The problem
Below are some records. Output the lines from the first one through the line that holds "Stylized White Breasted", exactly as written, with no pictures.

Supplied records
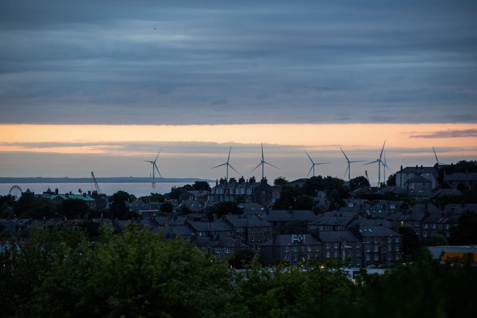 苏格兰阿伯丁沿海住宅旁的海上风力涡轮机。摄影师:艾米莉·麦金尼斯/彭博社
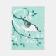 Stylized White Breasted Nuthatch art with swirl pattern branch and decorative leaf pattern on light blue background
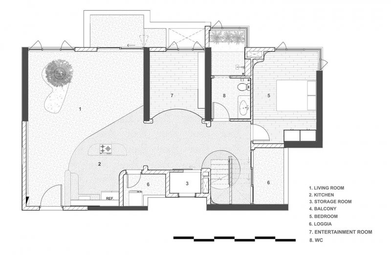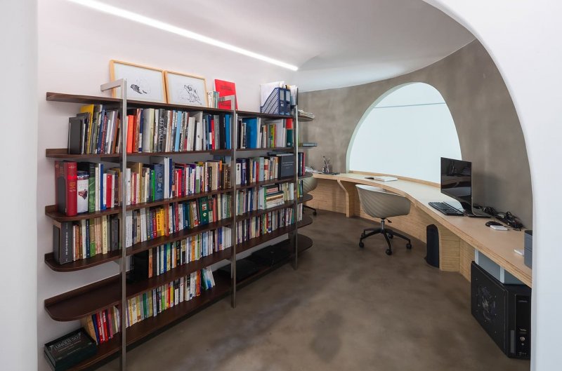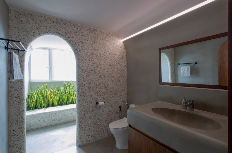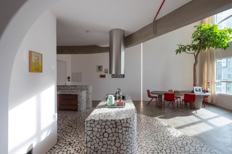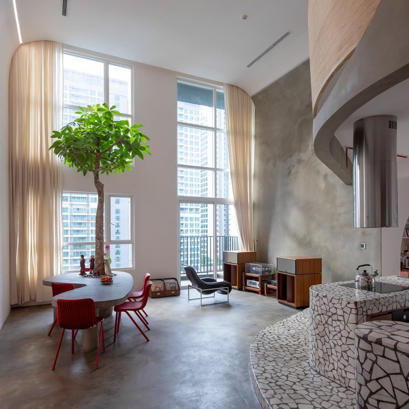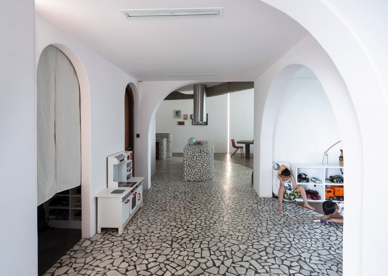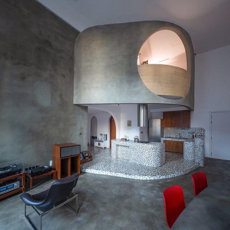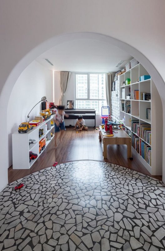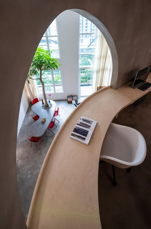 Вносить существенные изменения в планировку было невозможно, поэтому архитекторы сосредоточились на зонировании, рифмующихся формах и умеренной декоративности – связующим элементом для двух этажей стал терраццо из крупных кусков мрамора, который целиком покрывает кухню и «подиум» в гостиной, холл и лестницу на второй этаж. Выбор материала – реверанс в сторону терраццо любимого модернистами и очень модного в Сайгоне 50-60-х годов. В квартире нет острых углов, все проемы арочные, формы – обтекаемые. Основное помещение выполняет роли кухни и гостиной, в которую интегрирована «капсула» с рабочим кабинетом на втором этаже и обзорным окном-«иллюминатором».
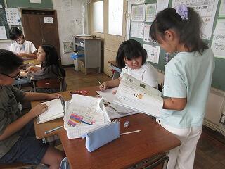 4年生は、国語の「新聞を作ろう」の学習で、新聞作りに取り組みました。どんな内容の記事にするかグループで話し合い、校長先生をはじめ先生方にインタビューしたり、クラスのみんなにアンケートを取ったりしながら進めました。
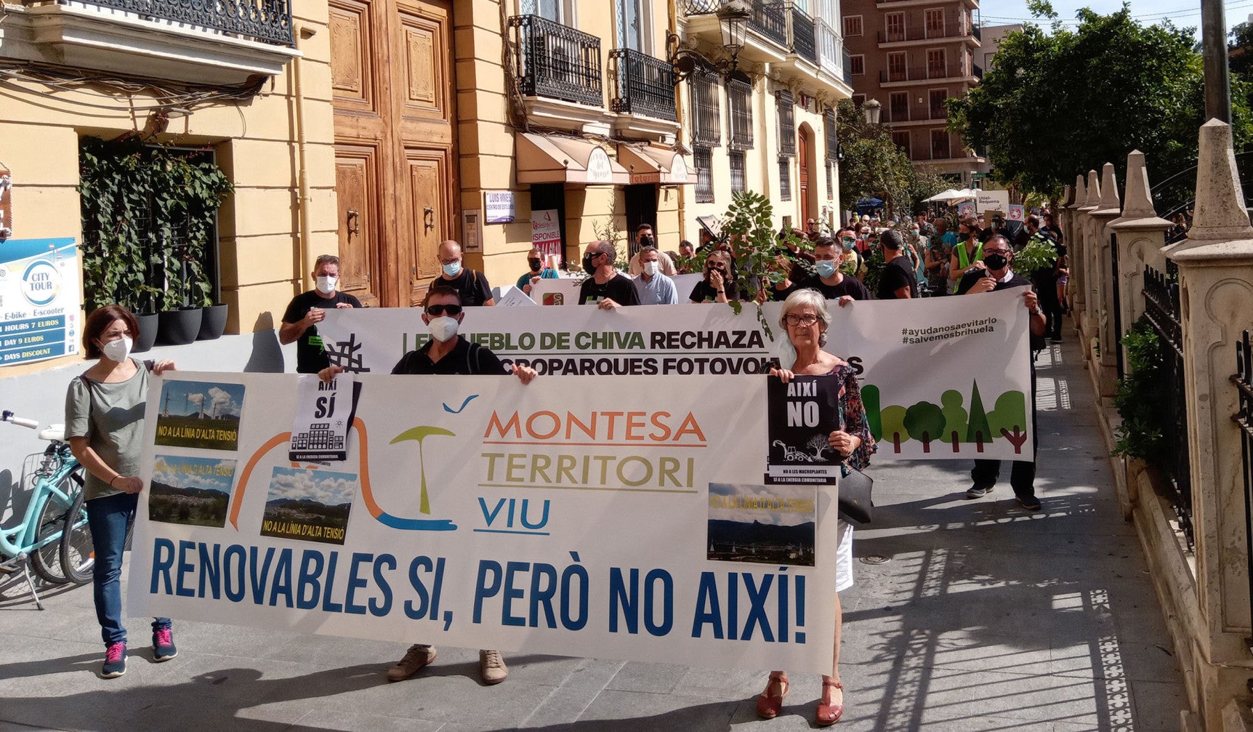 Protestes contra les macroplantes solars i eòliques arreu del País Valencià

Task result
 苏格兰阿伯丁沿海住宅旁的海上风力涡轮机。摄影师:艾米莉·麦金尼斯/彭博社
 Stylized White Breasted Nuthatch art with swirl pattern branch and decorative leaf pattern on light blue background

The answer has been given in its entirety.